## RAW DATA
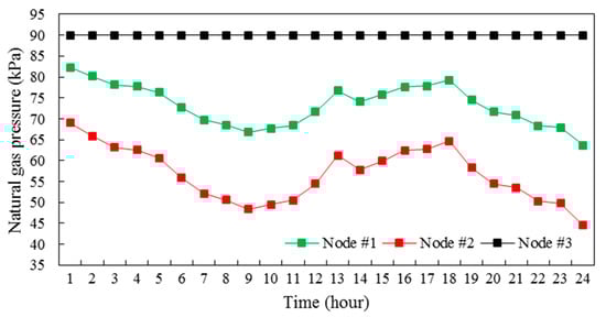 The natural gas pressure at all nodes is decreased compared to the reference gas source Node 3. Figure 9 shows the pressure gradient diagram from source Node 3 to the consumer/natural gas load (from Node 1 to Node 2) at a continuous time period. Minimum pressure of the natural gas node observed under steady state is the furthest consumer (Node 2) at a continuous time period. The pressure of node 1 fluctuates up and down at 75 kPa, while that of node 2 fluctuates up and down at 58 kPa, but more violently than that of Node 1. The pressure of each node is mainly influenced by integrated factors such as EH’s natural gas load demand, natural gas pipeline flow, and pipeline resistance.
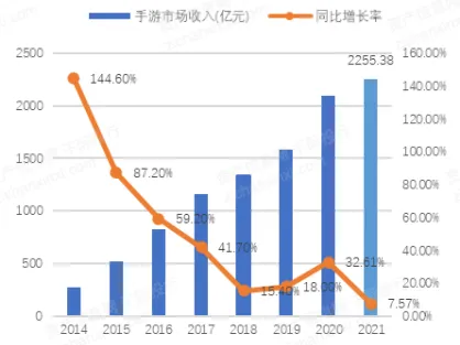 据中国音数协游戏工委与中国游戏产业研究院共同发布的《2021 年中国游戏产业报告》披露,2021年中国游戏市场收入2965.13 亿元,同比增长 6.40%,其中移动游戏收入 2255.38 亿元,同增 7.57%,占游戏市场的 76.06%。其中,二次元表现优秀,2021 年实际销售收入 284.25亿元,同增 27.43%。2021 年中国游戏用户规模达 6.66 亿人,保持稳定增长,同比增长 0.22%。
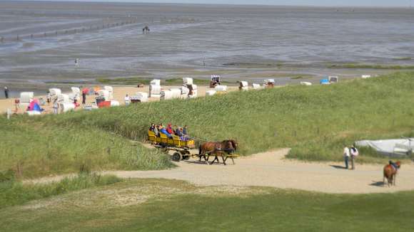 Rückkehr der Pferdekutschen von der Insel Neuwerk
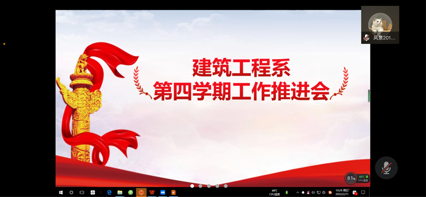 2月11日上午,建筑工程系召开第四学期工作推进会,学生工作副主任、辅导员、党员、学生干部在线参会。

## WHAT YOU SHOULD DO
Give back the whole listing exactly, without pictures.

## FINISHED TASK
 The natural gas pressure at all nodes is decreased compared to the reference gas source Node 3. Figure 9 shows the pressure gradient diagram from source Node 3 to the consumer/natural gas load (from Node 1 to Node 2) at a continuous time period. Minimum pressure of the natural gas node observed under steady state is the furthest consumer (Node 2) at a continuous time period. The pressure of node 1 fluctuates up and down at 75 kPa, while that of node 2 fluctuates up and down at 58 kPa, but more violently than that of Node 1. The pressure of each node is mainly influenced by integrated factors such as EH’s natural gas load demand, natural gas pipeline flow, and pipeline resistance.
 据中国音数协游戏工委与中国游戏产业研究院共同发布的《2021 年中国游戏产业报告》披露,2021年中国游戏市场收入2965.13 亿元,同比增长 6.40%,其中移动游戏收入 2255.38 亿元,同增 7.57%,占游戏市场的 76.06%。其中,二次元表现优秀,2021 年实际销售收入 284.25亿元,同增 27.43%。2021 年中国游戏用户规模达 6.66 亿人,保持稳定增长,同比增长 0.22%。
 Rückkehr der Pferdekutschen von der Insel Neuwerk
 2月11日上午,建筑工程系召开第四学期工作推进会,学生工作副主任、辅导员、党员、学生干部在线参会。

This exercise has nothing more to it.